» MATERIAL SUPPLIED:
┏━━

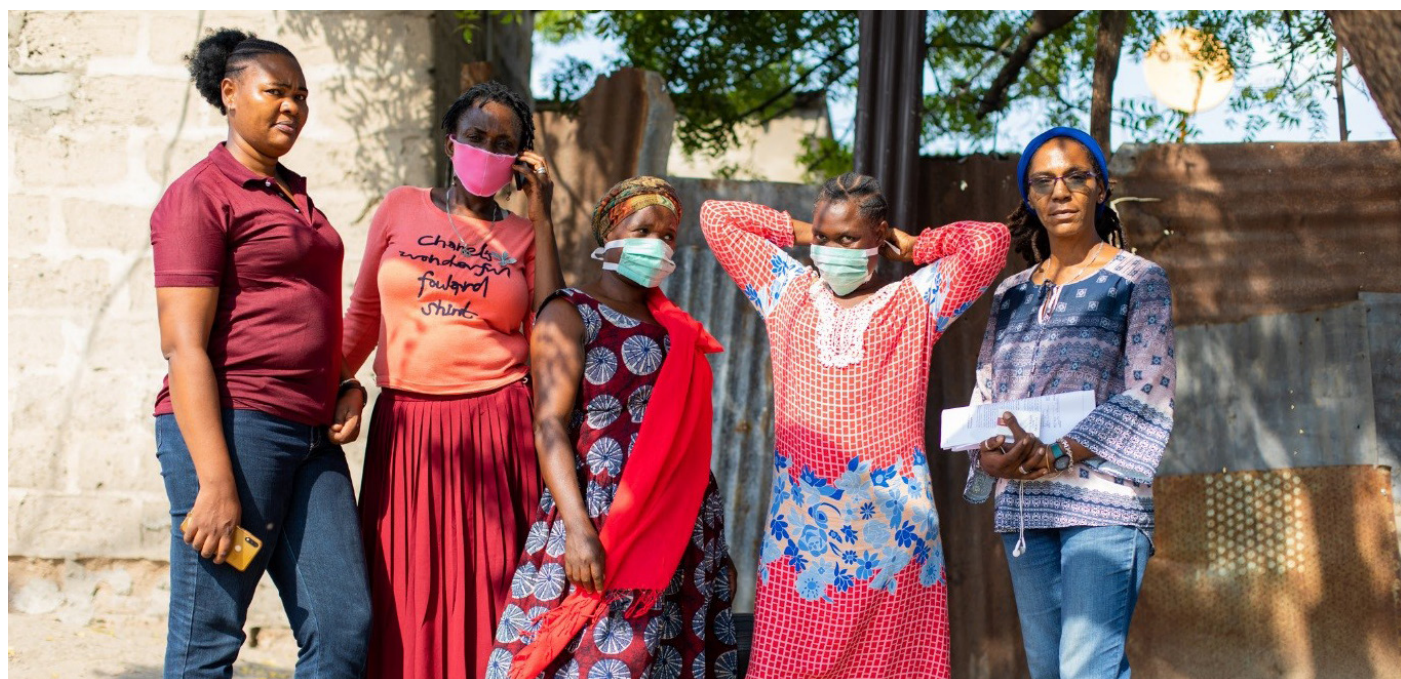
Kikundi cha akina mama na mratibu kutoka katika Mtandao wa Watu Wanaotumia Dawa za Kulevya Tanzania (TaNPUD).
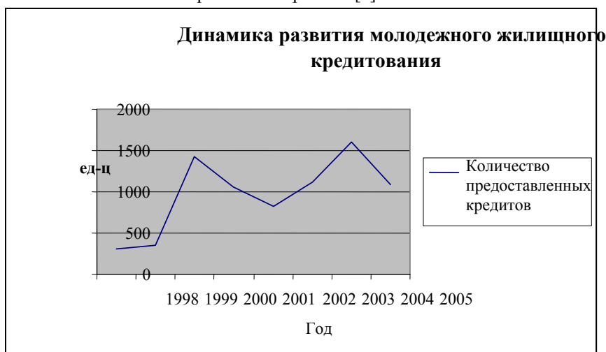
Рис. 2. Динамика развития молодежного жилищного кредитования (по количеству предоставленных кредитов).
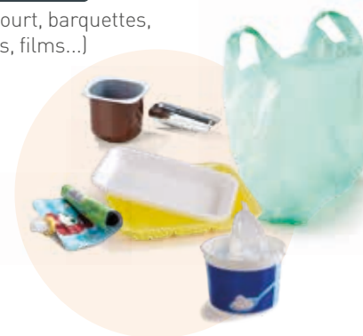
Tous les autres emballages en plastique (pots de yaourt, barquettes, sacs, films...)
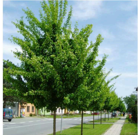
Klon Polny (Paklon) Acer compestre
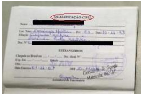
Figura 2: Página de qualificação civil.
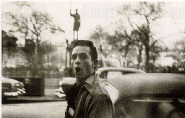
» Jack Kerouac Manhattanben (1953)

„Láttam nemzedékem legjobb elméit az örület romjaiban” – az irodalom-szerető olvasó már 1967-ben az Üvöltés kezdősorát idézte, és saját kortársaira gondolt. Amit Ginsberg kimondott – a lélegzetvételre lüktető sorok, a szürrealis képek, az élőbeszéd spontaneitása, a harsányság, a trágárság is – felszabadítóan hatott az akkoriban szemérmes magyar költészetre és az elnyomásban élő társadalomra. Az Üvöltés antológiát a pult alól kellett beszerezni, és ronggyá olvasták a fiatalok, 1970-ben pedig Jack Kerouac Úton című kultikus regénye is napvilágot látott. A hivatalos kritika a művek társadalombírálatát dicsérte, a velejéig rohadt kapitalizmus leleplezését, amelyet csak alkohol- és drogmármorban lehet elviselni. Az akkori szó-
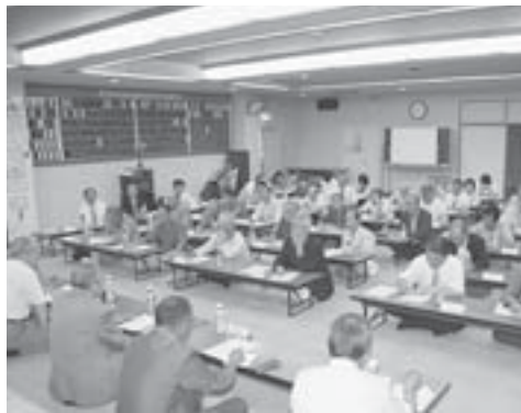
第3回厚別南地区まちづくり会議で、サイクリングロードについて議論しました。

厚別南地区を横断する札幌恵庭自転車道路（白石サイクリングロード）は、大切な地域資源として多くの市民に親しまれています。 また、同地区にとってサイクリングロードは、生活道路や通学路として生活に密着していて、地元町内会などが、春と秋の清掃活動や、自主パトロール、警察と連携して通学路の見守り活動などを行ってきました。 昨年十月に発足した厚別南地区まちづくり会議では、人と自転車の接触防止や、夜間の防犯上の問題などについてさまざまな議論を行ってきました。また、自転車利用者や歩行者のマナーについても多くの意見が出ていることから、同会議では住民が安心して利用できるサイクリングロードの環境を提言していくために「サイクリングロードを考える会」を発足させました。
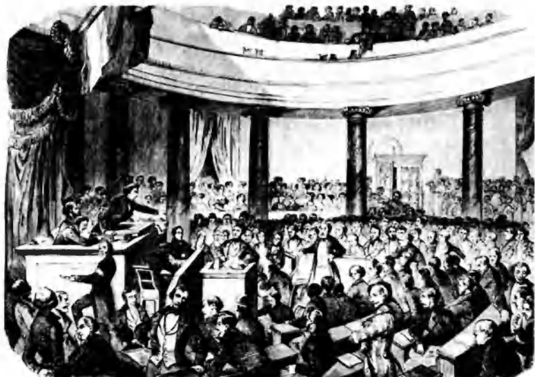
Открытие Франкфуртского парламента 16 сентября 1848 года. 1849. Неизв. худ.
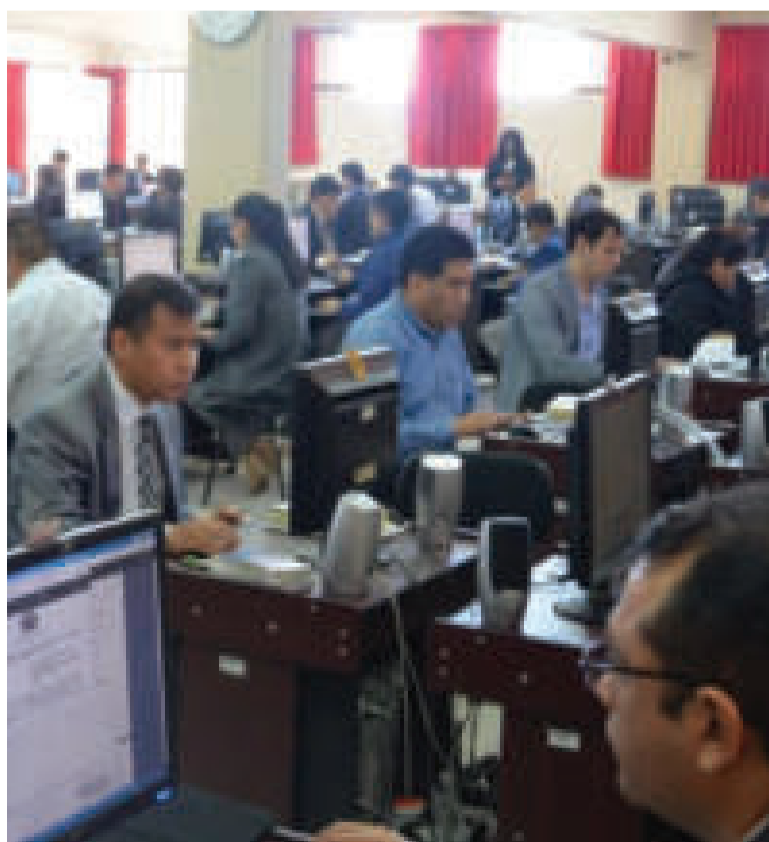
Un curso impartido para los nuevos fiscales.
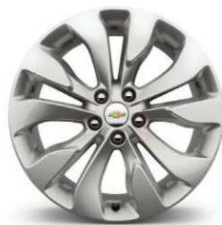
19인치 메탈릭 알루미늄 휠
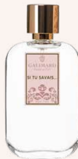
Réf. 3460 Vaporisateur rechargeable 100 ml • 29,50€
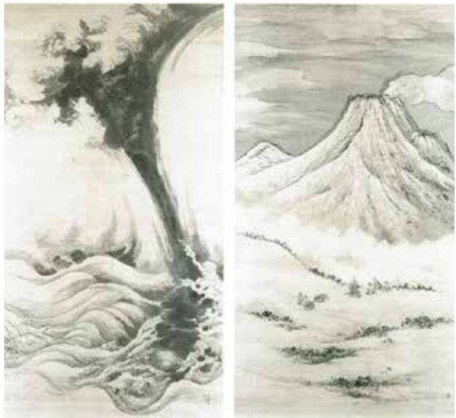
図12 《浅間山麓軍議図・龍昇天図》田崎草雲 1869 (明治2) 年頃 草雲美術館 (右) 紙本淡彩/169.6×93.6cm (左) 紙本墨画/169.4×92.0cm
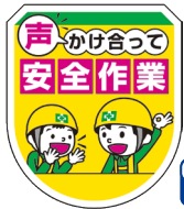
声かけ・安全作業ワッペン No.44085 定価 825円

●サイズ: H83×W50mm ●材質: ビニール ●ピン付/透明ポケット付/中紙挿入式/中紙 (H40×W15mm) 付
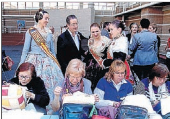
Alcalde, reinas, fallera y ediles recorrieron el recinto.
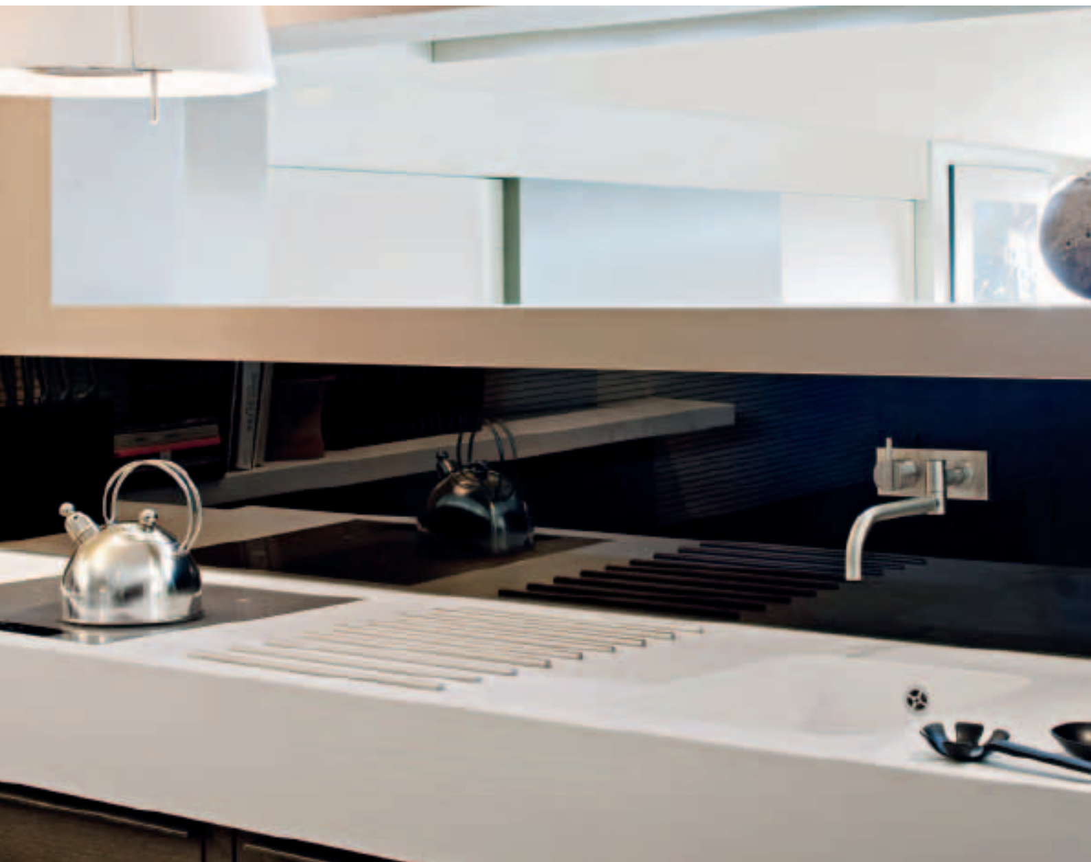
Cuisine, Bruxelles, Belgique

┗━━

» WHAT THE EXERCISE ASKS:
What you need to copy is the run of lines from the one holding "Alcalde, reinas, fallera" through the end of the data, exactly and only, both ends included, pictures omitted.

» SOLUTION TO THIS TASK:
Alcalde, reinas, fallera y ediles recorrieron el recinto.
Cuisine, Bruxelles, Belgique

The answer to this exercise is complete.